Report vulnerabilities privately to Ofek Ron. If the hosted repository supports private vulnerability reports, use that channel. Otherwise contact the maintainer privately before sharing details in any public issue, discussion, or merge request.
Include:
- affected version or commit;
- reproduction steps;
- impact;
- whether secrets, files, commands, extensions, marketplace artifacts, auth, or WebSocket/REST endpoints are involved.
Better Agent is intended for users who understand that agentic coding tools can perform destructive actions. Users are responsible for where they run it, what projects they open, which extensions they install, which providers they connect, and which tool calls they approve.

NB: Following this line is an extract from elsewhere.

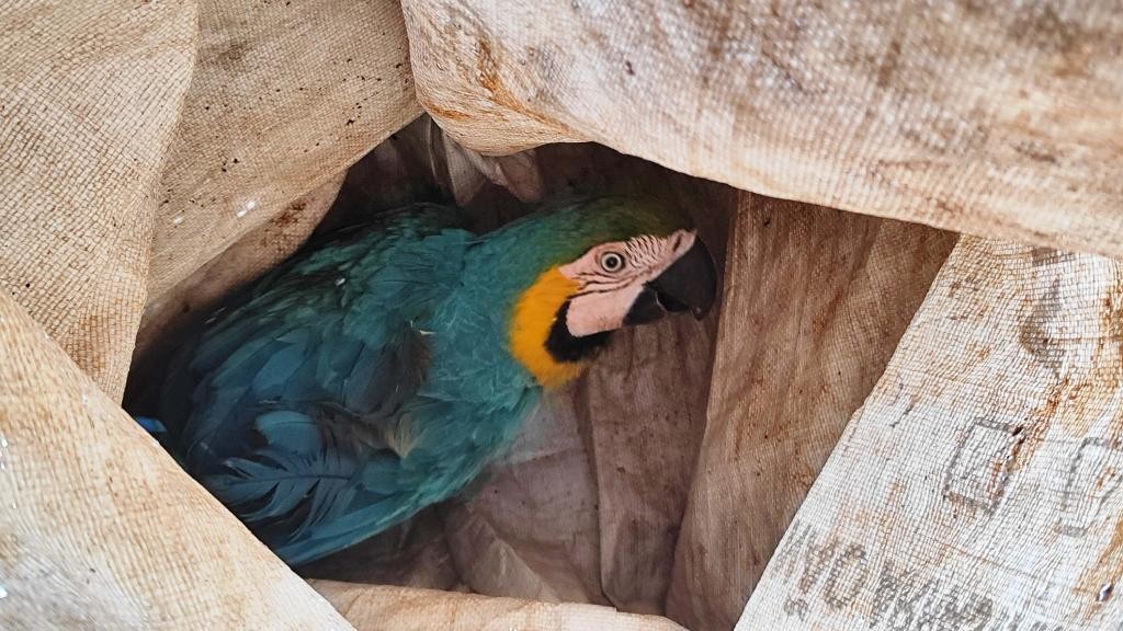 O Corpo de Bombeiros Militar de Mato Grosso (CBMMT) resgatou três filhotes de gatos e uma arara-canindé que estavam em locais de risco no município

Run Better Agent only in trusted environments. Do not expose the backend to an untrusted network. Do not install untrusted extensions. Do not paste secrets into prompts or logs.
Security reports are especially important for:
- command execution or subprocess spawning;
- filesystem access or path traversal;
- authentication, session cookies, tokens, or credential storage;
- WebSocket origin/auth checks and REST endpoints;
- extension install, update, provisioning, permissions, or backend routes;
- marketplace artifact signatures, entitlements, and trust roots;
- secret leakage through logs, traces, prompts, session history, or UI state;
- network exposure, worker-node routing, or remote execution.
Changes touching subprocesses, filesystem access, auth, approvals, networking, extensions, marketplace code, or secret handling require security review before release.
Before public visibility, the hosted repository should enable protected default branch rules, required merge requests, CODEOWNERS approval for sensitive paths, passing CI before merge, signed release tags, and private vulnerability reporting.